Une pétition citoyenne demande l’abrogation de la loi Duplomb

La pétition, initiée par l’étudiante de 23 ans Eléonore Pattery, non-militante et non encartée, demande l’ « abrogation immédiate » de la proposition de loi Duplomb, « la révision démocratique des conditions dans lesquelles elle a été adoptée » et « la consultation citoyenne des acteurs de la santé, de l’agriculture, de l’écologie et du droit ». Elle qualifie ce texte d’ « aberration scientifique, éthique, environnementale et sanitaire ». Pendant la dizaine de jours d’existence de la pétition, elle a été largement partagée sur les réseaux sociaux, par des comptes qui défendent l’environnement, comme @BonPote, mais aussi par des célébrités comme l’acteur Pierre Niney.

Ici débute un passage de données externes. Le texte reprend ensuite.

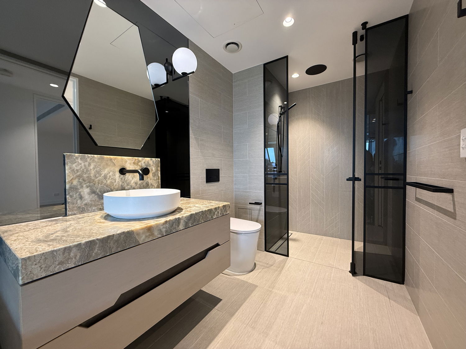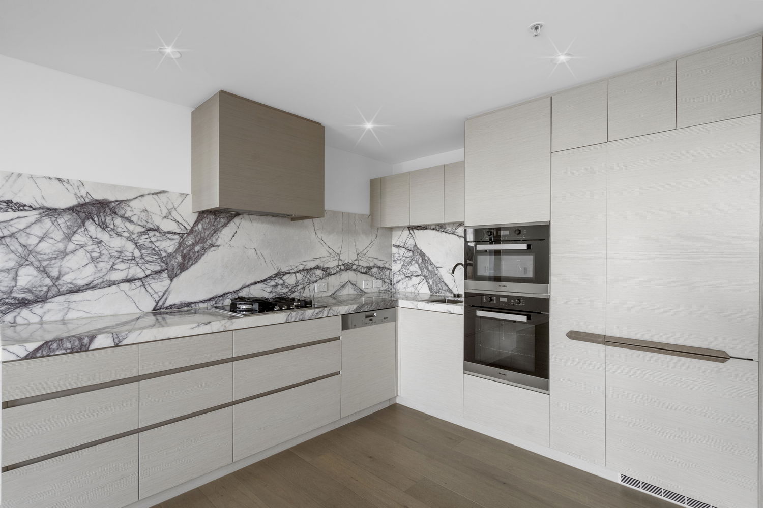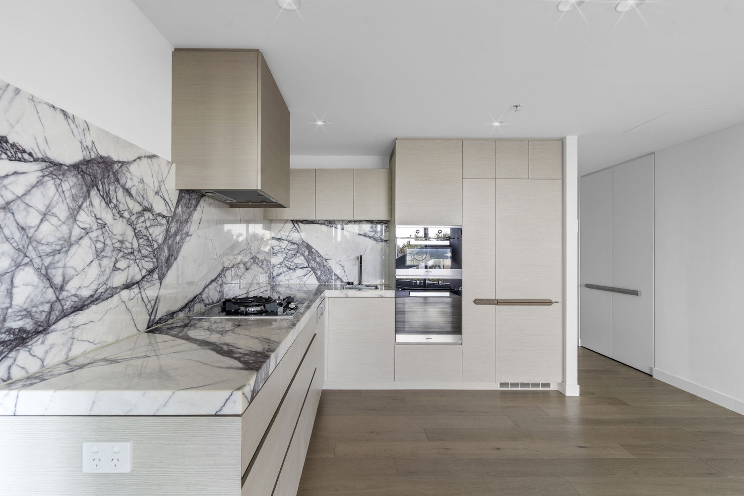 • Modern kitchen with stone benchtops

Ce texte, définitivement adopté par le Parlement le 8 juillet dernier, contient plusieurs mesures polémiques : la réautorisation sous conditions d’un pesticide néonicotinoïde interdit en France depuis 2020, la facilitation des projets de mégabassines ou encore une disposition facilitant les grands élevages. Ses partisans, eux, défendent un texte essentiel pour sauvegarder des filières agricoles qui risquent de disparaître.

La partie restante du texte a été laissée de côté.